Still, the dramatic turnaround bodes well for hotel owners. Room rates at Beverly Hills-based Hilton Hotels Corp., for example, are up across the board. The average daily rate for the same group of owned hotels in 2004 jumped about $10 to $158.72 during the first quarter of 2005 compared with $148.80 during the same period in 2004, says Robert La Forgia, Hilton's senior vice president and CFO. To that end, Hilton hotels in urban and resort markets, like New York, Boston and Oahu, sell out rooms on a regular basis, he says.

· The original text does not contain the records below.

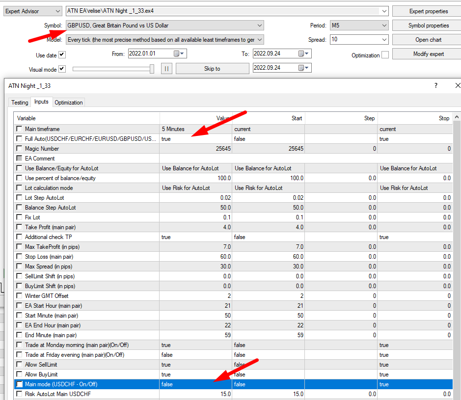 For full automatic testing mode for all currency pairs specified in the EA settings, specify (Full Auto Trade (USDCHF/EURCHF/EURUSD/GBPUSD/USDCAD + additional pairs) – true), this mode works only in MT5 tester.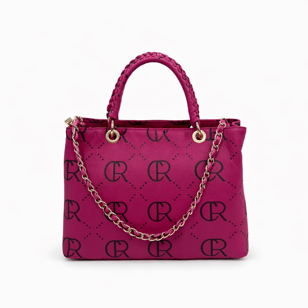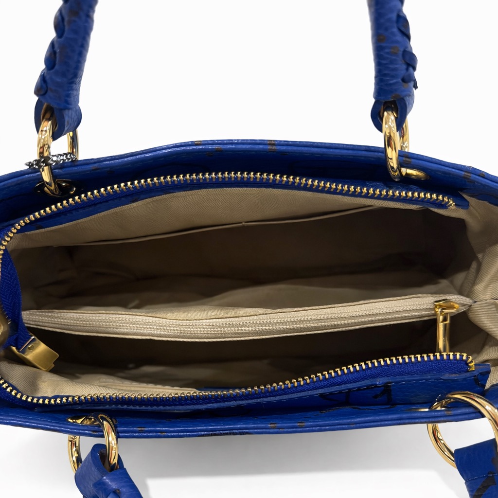 - Lined interior, organized with a central zip pocket that divides the space into two compartments.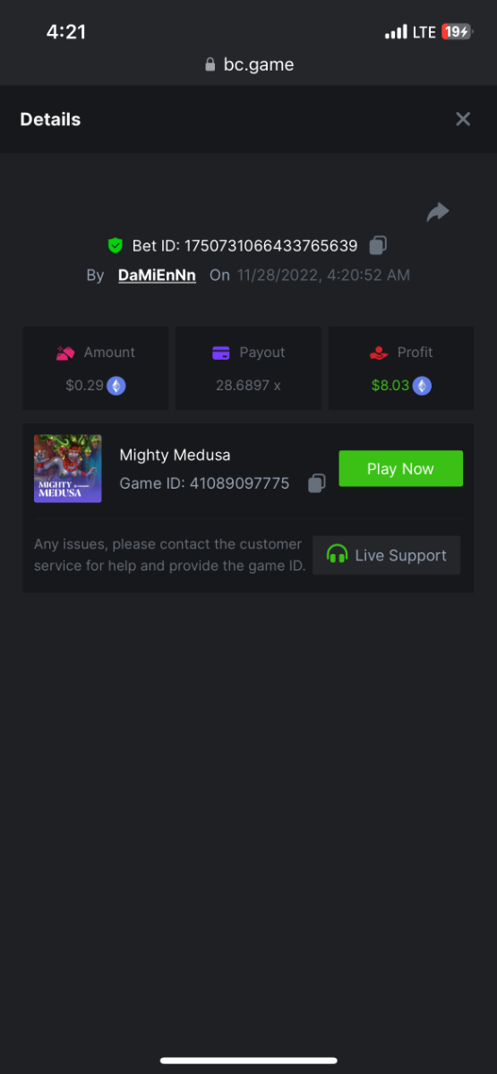 22. Mighty medusa https://bc.game/#/sd/10Y4FZ4C93OAOJ 28.6897x $0.30 bet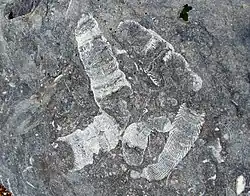 During the early Jurassic Period, a shallow sea spread northwards over the land. As the water deepened the higher areas became islands before finally being inundated. Water depth influenced the kinds of sediments that were deposited. Rocks formed close to the shore (Sutton Stone and Southerndown Beds) are strikingly different from the Blue Lias, which was deposited at the same time but farther offshore. Sutton Stone consists of massive, white, conglomeratic limestones with pebbles of black chert (silica) and Carboniferous Limestone. The overlying Southerndown Beds are blue/grey conglomeratic limestones and limy sandstones with thin shale partings. The Sutton Stone and Southerndown Beds pass laterally into, and are overlain by, the alternating blue-grey limestones and shales of the Blue Lias. The Jurassic rocks are generally rich in fossils. Shells of bivalves, and ammonites, fragments of crinoids, corals and pieces of carbonised fossil wood are quite common.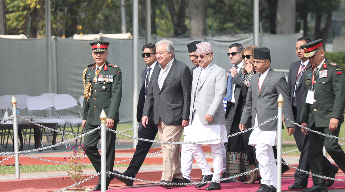 प्रधानमन्त्री पुष्पकमल दाहाल ‘प्रचण्ड’को मैत्रीपूर्ण निमन्त्रणामा उहाँ नेपालको औपचारिक भ्रमणका लागि यही कात्तिक १२ गते यहाँ आउनुभएको थियो । महासचिव गुटेरेसले भ्रमणका क्रममा राष्ट्रपति रामचन्द्र पौडेल र प्रधानमन्त्री पुष्पकमल दाहालसँग छुट्टाछुट्टै भेटवार्ता गर्नुभएको थियो ।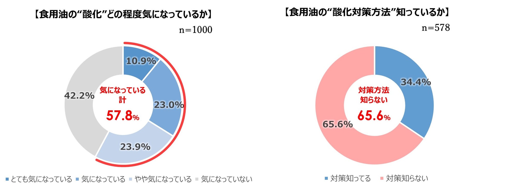 食用油の“酸化”が気になっている人は約6割。そのうち約7割は、酸化を気にしている一方で「酸化対策を知らない」と回答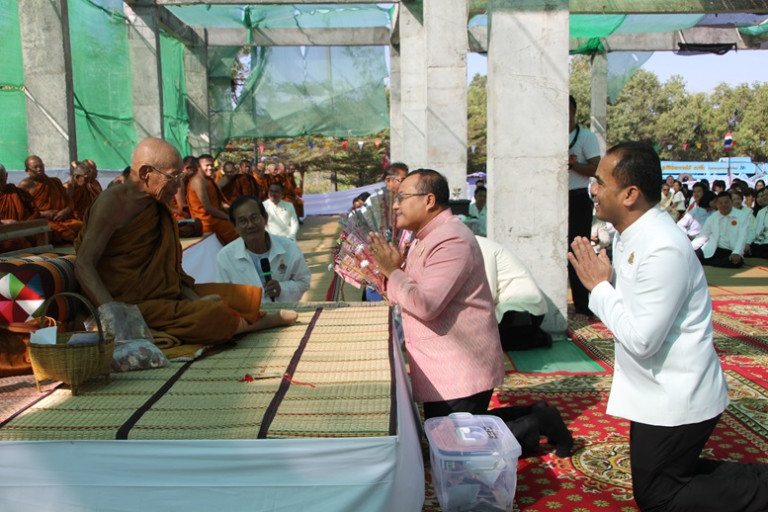 หลังเสร็จพิธีร่วมรับวัตถุมงคล เหรียญ สังฆสามัคคี รุ่น เสริมบารมีพลังเหนือดวง จากจากหลวงปู่ทองอินทร์ กตปุญโญ วัดประชาคมวนาราม(ป่ากุง) และรับน้ำพระพุทธมนต์ จากพระวชิรญาณวิศิษฏ์ (พระอาจารย์สุริยันต์ โฆสปญฺ.โญ) วัดป่าวังน้ำเย็น จังหวัดมหาสารคาม  พุทธศาสนิกชนที่มีความประสงค์จะร่วมบริจาคเพื่อสมทบทุนโครงการก่อสร้างอาคารประชุมสัมมนาสังฆสามัคคี สามารถร่วมบริจาคได้  ธนาคารกรุงไทย เลขบัญชี 663-7-11785-4 ธนาคารกรุงไทย สาขาศาลากลางจังหวัดร้อยเอ็ด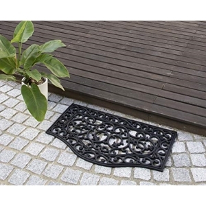 商品紹介 北欧調のダマスク柄と美しいカ−ブが素敵な屋外用玄関マット。 とてもやわらかいラバ−素材なので、タイルなどをキズつけにくく安心してお使いいただけます。 水洗いできるので汚れても安心です。 厚さ約1cm、重量約2.1kgとしっかりしているのでズレにくいと評判です。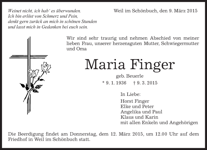Hier finden Sie alle Traueranzeigen aus der Zeitung, die bisher für Maria Finger erschienen sind. Weitere Traueranzeigen, die in der Zeitung erscheinen, werden hier ebenfalls aufgelistet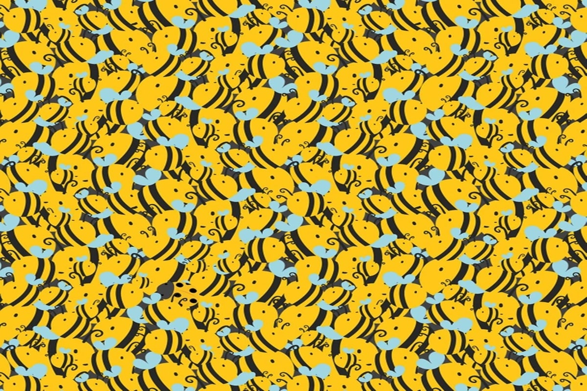 Na imagem, há um padrão visual com várias abelhas-amarelas de asas azuis. O desafio de hoje é encontrar, em até 30 segundos, a joaninha escondida.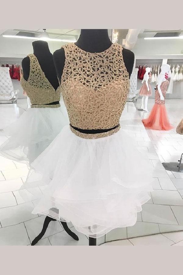 two piece white tulle fanshion dress,midi dress,beaded halter sleeveless sweetheart homecoming dress,SB0597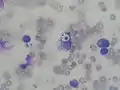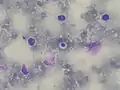 Micrograph of cryptococcosis showing the characteristically thick capsule of cryptococcus. Field stain.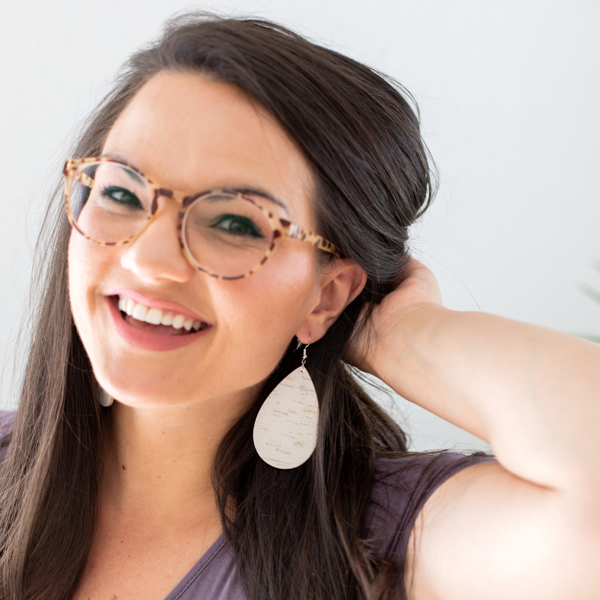 Lightweight, teardrop-shaped leather earrings. Customize in your choice of leather, metal, and hardware.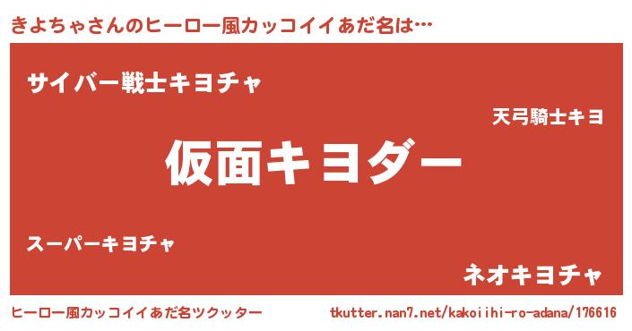 | 男性向けラノベタイトル風あだ名 | 『転生したらきよちゃだった件』 |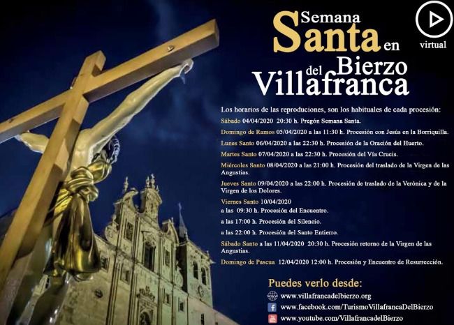 El tradicional pregón de Semana Santa tendrá lugar este sábado 4 de abril a las 20.30 horas y se retransmitirá de forma virtual a través de la página web y redes sociales del Ayuntamiento de Villafranca del Bierzo. Las imágenes de todos los actos de Semana Santa se retransmitirá a través de estas plataforma hasta el Domingo de Pascua.

Even struggling markets like Chicago, where normally strong meeting business has suffered recently, and San Francisco, hit hard by the boom and bust of the high-tech industry, are turning around. In Chicago, group business is bouncing back, and the city projects that convention room nights will be up 25% in 2006, says La Forgia.

It's a Seller's Market

With little new supply and high demand, many hotel buyers are scouring the market for acquisition deals. Many large hotel groups, in turn, are disposing of hotels to pay down debt and renovate other properties in key locations.

“Right now we've got reasons to sell smaller hotels in smaller markets. We're reshaping our portfolio and concentrating on bigger hotels in major markets,” says Bruce Wiles, president and COO of MeriStar Hospitality Corp., an Arlington, Va. hotel REIT with 72 mainly full-service hotels as of June, down from 92 at the end of 2003. In 2004, for example, MeriStar acquired the Marriott in Irvine, Calif., for $92.5 million, as well as the Ritz-Carlton Pentagon City in Washington, D.C. for $93 million.

Lodgian is likewise disposing of non-core assets by selling mainly older, full-service hotels. The company is using the proceeds to invest in newer, limited-service properties that are less costly to run, says Parrington.

So, who's buying? Companies like Hersha Group, a Philadelphia-based REIT with 45 properties as of June, up from 28 at the end of 2003. Hersha was closing on two hotel portfolios in June — one with five properties and the other with six. “Our focus is to buy quality assets. We look for newer hotels that are already flagged with premium brands like Marriott, Hilton, and Starwood,” says President and COO Jay H. Shah.